==== Data for this exercise ====

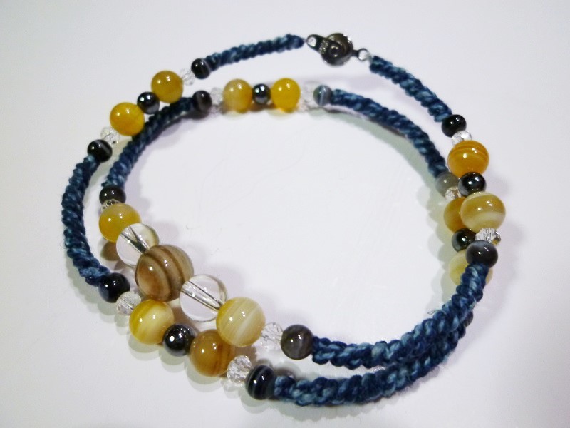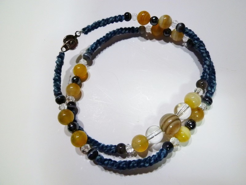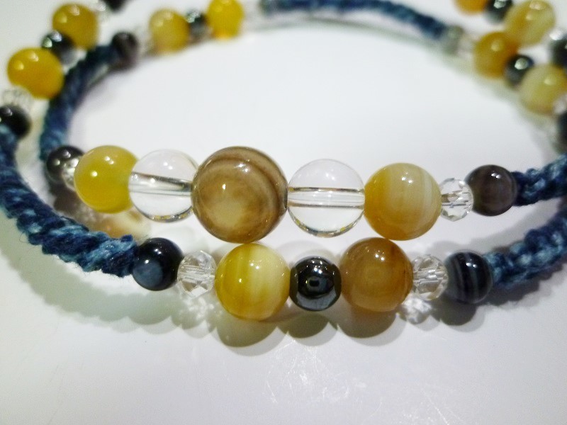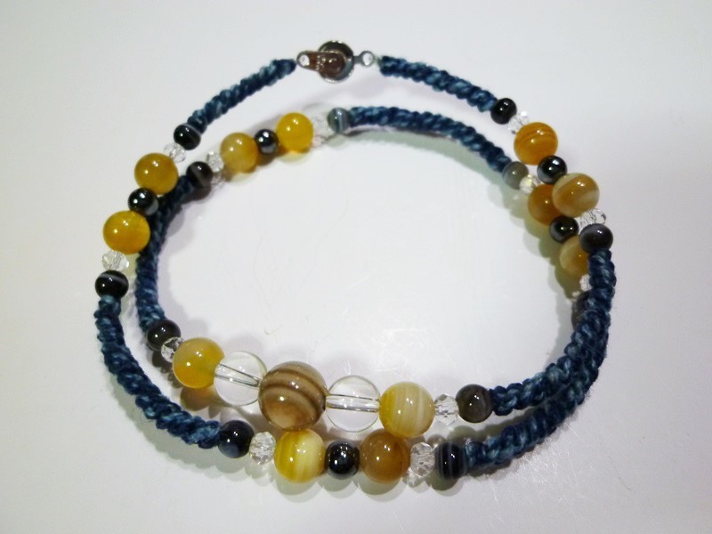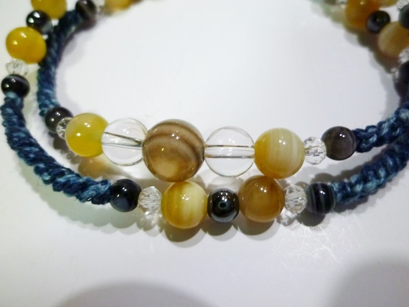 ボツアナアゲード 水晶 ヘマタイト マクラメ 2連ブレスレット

====
==== Data for this exercise ====

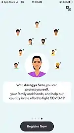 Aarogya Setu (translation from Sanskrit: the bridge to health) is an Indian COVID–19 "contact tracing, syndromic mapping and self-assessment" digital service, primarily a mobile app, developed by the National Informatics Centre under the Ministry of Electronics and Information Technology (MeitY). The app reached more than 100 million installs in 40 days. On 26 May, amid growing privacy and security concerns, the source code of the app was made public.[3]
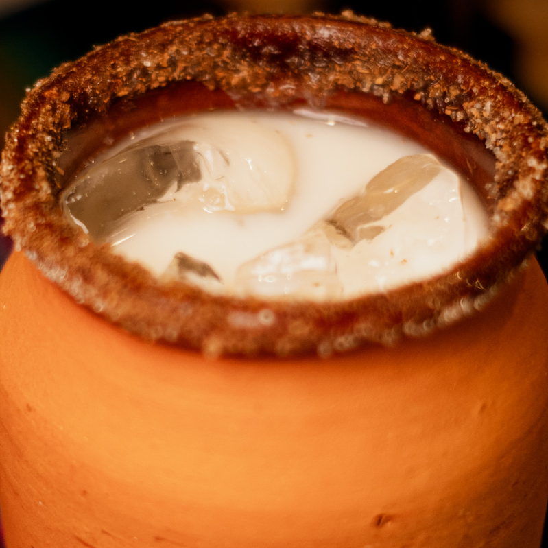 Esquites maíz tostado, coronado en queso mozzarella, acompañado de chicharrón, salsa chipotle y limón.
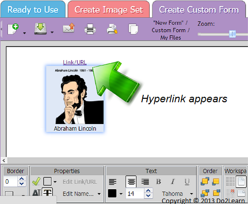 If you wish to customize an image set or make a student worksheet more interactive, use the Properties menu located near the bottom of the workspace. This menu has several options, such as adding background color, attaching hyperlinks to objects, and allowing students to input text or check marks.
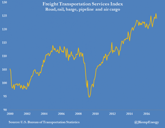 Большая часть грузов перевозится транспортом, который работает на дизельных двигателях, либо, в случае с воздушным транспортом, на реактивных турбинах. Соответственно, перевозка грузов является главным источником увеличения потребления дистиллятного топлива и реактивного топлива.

====
==== Data for this exercise ====

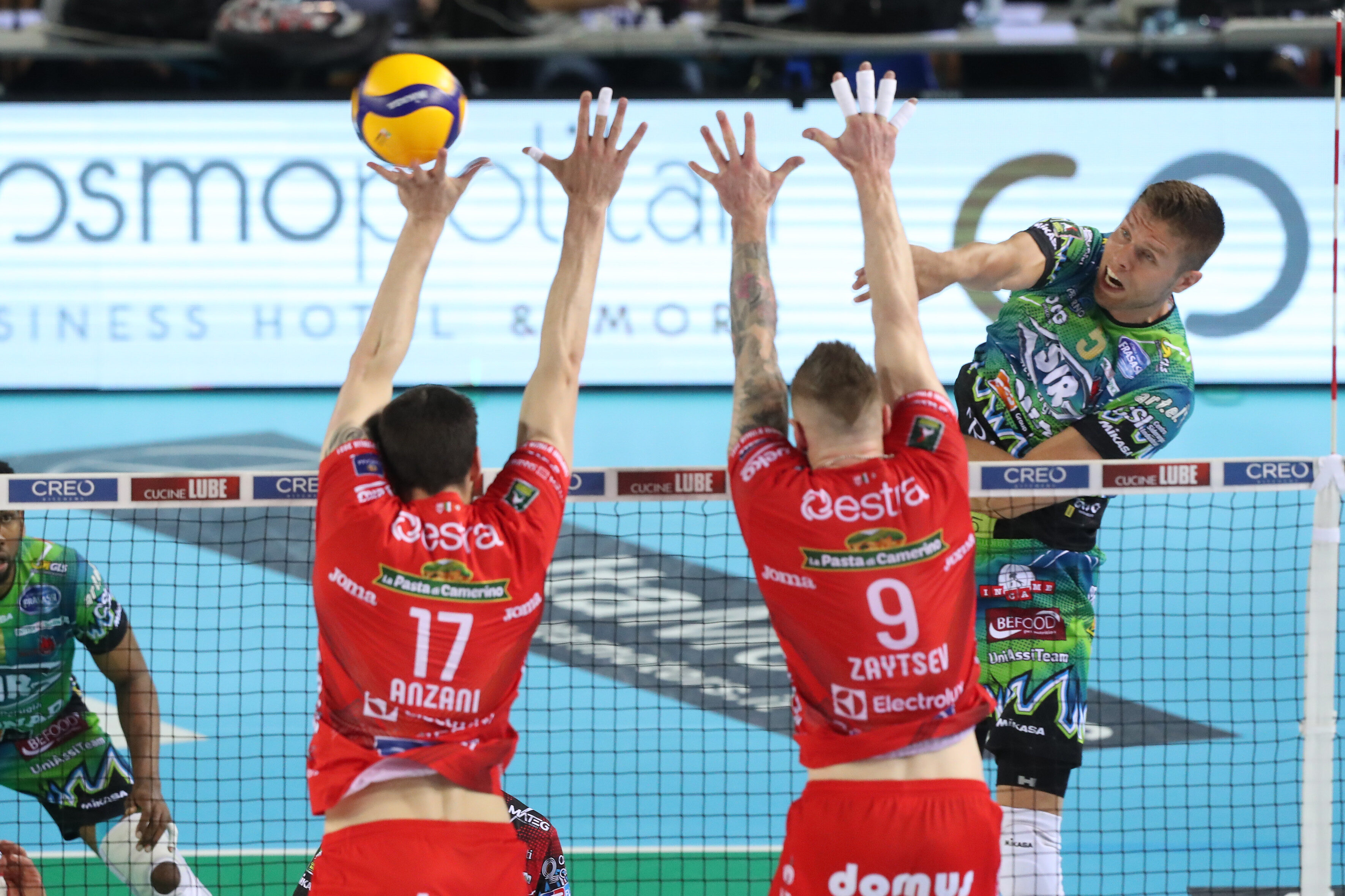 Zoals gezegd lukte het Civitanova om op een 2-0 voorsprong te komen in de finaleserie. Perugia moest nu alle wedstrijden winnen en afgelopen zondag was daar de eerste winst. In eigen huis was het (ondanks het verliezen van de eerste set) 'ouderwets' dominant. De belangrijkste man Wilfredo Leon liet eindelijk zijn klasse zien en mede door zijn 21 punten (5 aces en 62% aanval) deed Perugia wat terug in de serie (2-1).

====

### Task to carry out
Print nothing except the lines above from the one containing "Esquites maíz tostado, coronado" down to the one containing "Большая часть грузов", both included, exactly as written and free of pictures.

### Finished exercise
 Esquites maíz tostado, coronado en queso mozzarella, acompañado de chicharrón, salsa chipotle y limón.
 If you wish to customize an image set or make a student worksheet more interactive, use the Properties menu located near the bottom of the workspace. This menu has several options, such as adding background color, attaching hyperlinks to objects, and allowing students to input text or check marks.
 Большая часть грузов перевозится транспортом, который работает на дизельных двигателях, либо, в случае с воздушным транспортом, на реактивных турбинах. Соответственно, перевозка грузов является главным источником увеличения потребления дистиллятного топлива и реактивного топлива.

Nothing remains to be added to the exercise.